TASK DETAILS =
Without any of the pictures, set down the data below exactly.

++++ DATA ++++

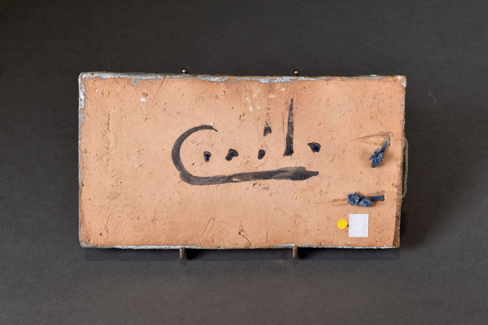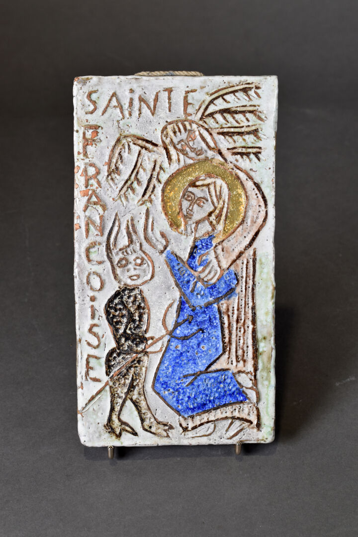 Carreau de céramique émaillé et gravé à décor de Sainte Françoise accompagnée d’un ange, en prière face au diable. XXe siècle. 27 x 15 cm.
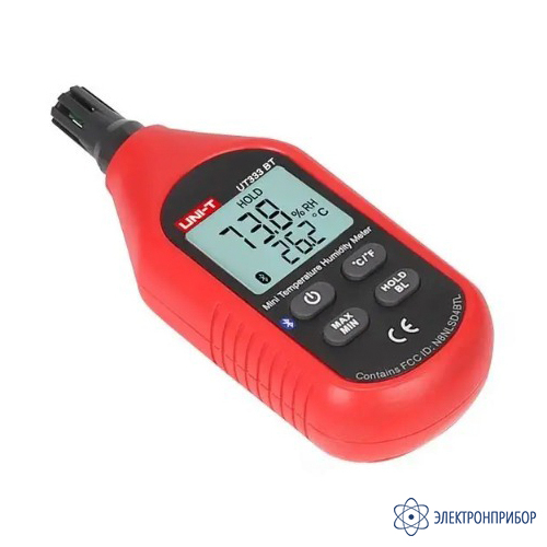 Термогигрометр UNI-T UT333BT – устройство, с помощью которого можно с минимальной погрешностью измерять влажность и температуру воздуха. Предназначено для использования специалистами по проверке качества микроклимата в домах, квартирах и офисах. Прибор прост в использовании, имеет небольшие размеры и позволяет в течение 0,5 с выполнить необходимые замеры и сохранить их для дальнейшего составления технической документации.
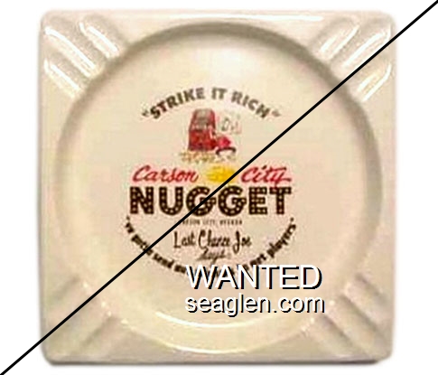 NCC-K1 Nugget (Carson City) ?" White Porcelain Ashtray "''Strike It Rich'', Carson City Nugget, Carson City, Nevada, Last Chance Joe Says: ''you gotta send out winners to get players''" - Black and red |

++++

EXERCISE SOLUTION =
 Carreau de céramique émaillé et gravé à décor de Sainte Françoise accompagnée d’un ange, en prière face au diable. XXe siècle. 27 x 15 cm.
 Термогигрометр UNI-T UT333BT – устройство, с помощью которого можно с минимальной погрешностью измерять влажность и температуру воздуха. Предназначено для использования специалистами по проверке качества микроклимата в домах, квартирах и офисах. Прибор прост в использовании, имеет небольшие размеры и позволяет в течение 0,5 с выполнить необходимые замеры и сохранить их для дальнейшего составления технической документации.
 NCC-K1 Nugget (Carson City) ?" White Porcelain Ashtray "''Strike It Rich'', Carson City Nugget, Carson City, Nevada, Last Chance Joe Says: ''you gotta send out winners to get players''" - Black and red |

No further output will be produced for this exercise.